Merely 2 pct of pro tennis players earn profit: study
Updated: 2015-01-20 14:16
CANBERRA - Only 2 percent of professional tennis players earn a profit from tournament prize money, according to a study released by Tennis Australia on Monday.
The International Tennis Federation Review, which was compiled by Tennis Australia with the help of Victoria University and Kingston University, aimed to investigate tournament prize money and the way it is shared across all competitors.
It revealed that the vast majority of professional players were unable to make a living through the sport, having to pay on average more than 130,000 US dollars per year for travel costs, accommodation, equipment and coaching.
The study also showed that only 1.8 percent of male tennis players and 3.1 percent of female made a profit in 2013, accumulating for only 2.25 percent of 13,736 professional athletes.
The report goes on to estimate that 95 percent of all players would still fail to cover necessary tour costs even after sponsorship revenue is factored into the equation.
"With rising Grand Slam prize money and better than ever exposure, you might think that life's pretty glamorous for your average pro tennis player," Victoria University data analyst Michael Bane told the ABC on Monday.
"But a closer look at the numbers suggests you'd be wrong."
Only 310 players (160 men and 150 women) made a profit in 2013, with 45.5 percent of all men's players and 43.9 percent of all women's players failing to earn any prize money whatsoever.
According to Bane, the way in which prize money is divvied between athletes remains the biggest issue.
"There is actually a lot of money in tennis, totaling 162 million U.S. dollars for the men and 120 million U.S. dollars for the women," he continued.
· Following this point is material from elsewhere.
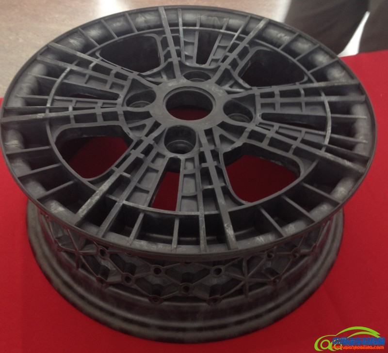 北京航空航天大学、北京纳盛通新材料科技有限公司、北京中材汽车复合材料有限公司自主设计研发的长碳纤维增强热塑性(尼龙)复合材料(LCFT)轮毂,与汽车铝轮毂相比可大幅减重40-60wt%,尺寸精度更高,抗疲劳、抗蠕变、耐热、耐环境性能等性能更加优异, 生产效率更高、成本更低,且可回收循环使用,该注塑工艺已在保险杠、发动机罩盖等非承力件大量使用。
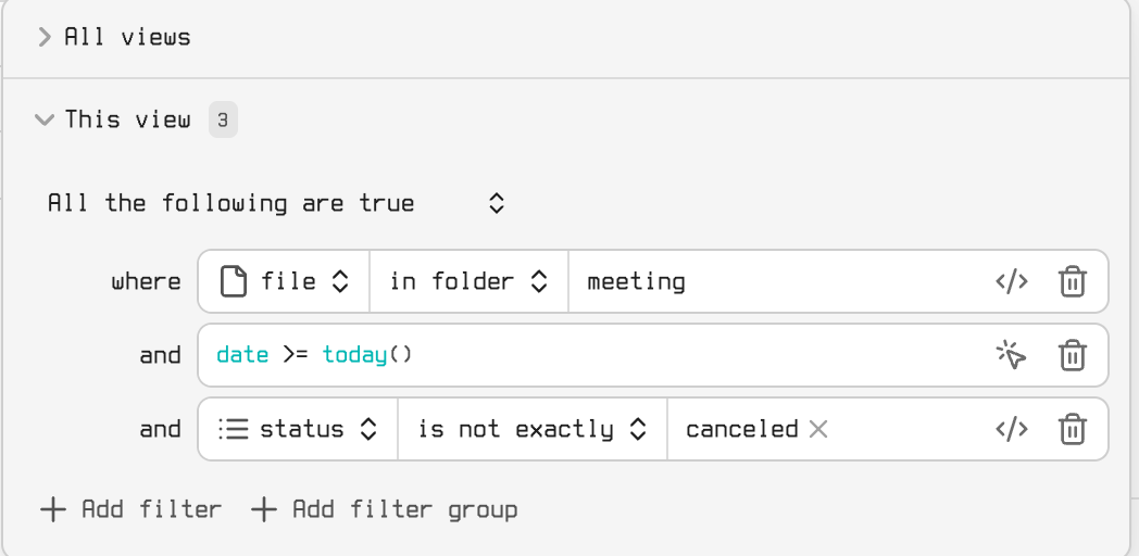 In this example it might be useful to show all meetings for the current day. But most often I just want to create a specific base view note.

"What makes it so difficult for developing athletes is the way it's distributed."
The report, too, indicates prize money allocation as the main factor in the disparity between tennis highest and lowest paid earners, with the top one percent of players receiving 62 percent and 51 percent of all prize money in men's and women's tournaments respectively.
"That's 97 million US dollars shared between the top 50 men, with the rest being distributed amongst everyone else," Bane said.
"Yet even amongst the top 32 men, there is severe inequality in pay.
"In comparison, the AFL, golf and motorsports show a far less rapid decline in pay with ranking."
The report has been released to coincide with the first Grand Slam event of 2015, the Australian Open, which begins in Melbourne on Monday.
The ITF will examine the report in further detail in May as part of its major review into prize money structuring and junior development.